Six2 paralogs are required for proximal tubule development in the Zebrafish pronephros

Abstract

The mammalian metanephric kidney develops from reciprocal interactions between the metanephric mesenchyme and ureteric bud (UB) to give rise to a variety of cell types and structures including interstitial cells, vasculature, and epithelial tubules. Progenitor cells adjacent to the UB, termed cap mesenchyme (CM), undergo mesenchymal‐to‐epithelial transition (MET) to form epithelial structures called renal vesicles before elongating and differentiating into nephrons, the functional unit of the kidney. Several genes are expressed in the CM that are required for proper kidney development.
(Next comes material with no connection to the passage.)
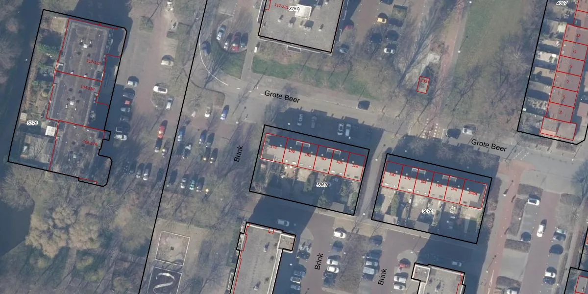 Grote Beer 180 is gelegen op kadastraal perceel ASV00M5869. Deze kadastrale aanduiding is uniek en wordt gebruikt door het Kadaster om eigendomsrechten en andere zakelijke rechten vast te leggen. Het perceel maakt onderdeel uit van de kadastrale gemeente Amstelveen.

One gene encodes the transcription factor Six2, which is known to play a role in self‐renewal of the CM and is turned off in differentiated nephron epithelium. Loss of Six2 in mammals results in renal hypodysplasia due to premature loss of CM. However, Six2 expression persists as cells undergo MET from the CM to form renal vesicles, a structural precursor to differentiated nephrons. Currently, it is not known what role Six2 may play in the differentiation program required to form new nephron epithelium. The zebrafish embryonic pronephros shares features with mammalian nephrons including a similar developmental genetic program and conserved segmentation of the epithelial tubule. Unlike mammals however, the zebrafish pronephros develops directly from the intermediate mesoderm without the need for a continuous population of progenitor cells. This allows the functional study of genes which play a role in CM self‐renewal but also may have roles in cellular differentiation during nephron development. Here we have cloned and characterized the zebrafish Six2 homologs during pronephric development. The zebrafish six2a and six2b genes show conserved expression in the intermediate mesoderm, although with slight differences between the two paralogs. Gene knock‐down, by injection of specific anti‐sense morpholino oligonucleotides (MO) results in kidney cysts and aberrant expression of glomerular and proximal tubule markers, such as wt1a and slc20a1a. Interestingly, distal segments remain intact suggesting Six2 plays a role in cell differentiation of proximal elements of the pronephric nephron.This abstract is from the Experimental Biology 2018 Meeting. There is no full text article associated with this abstract published in The FASEB Journal.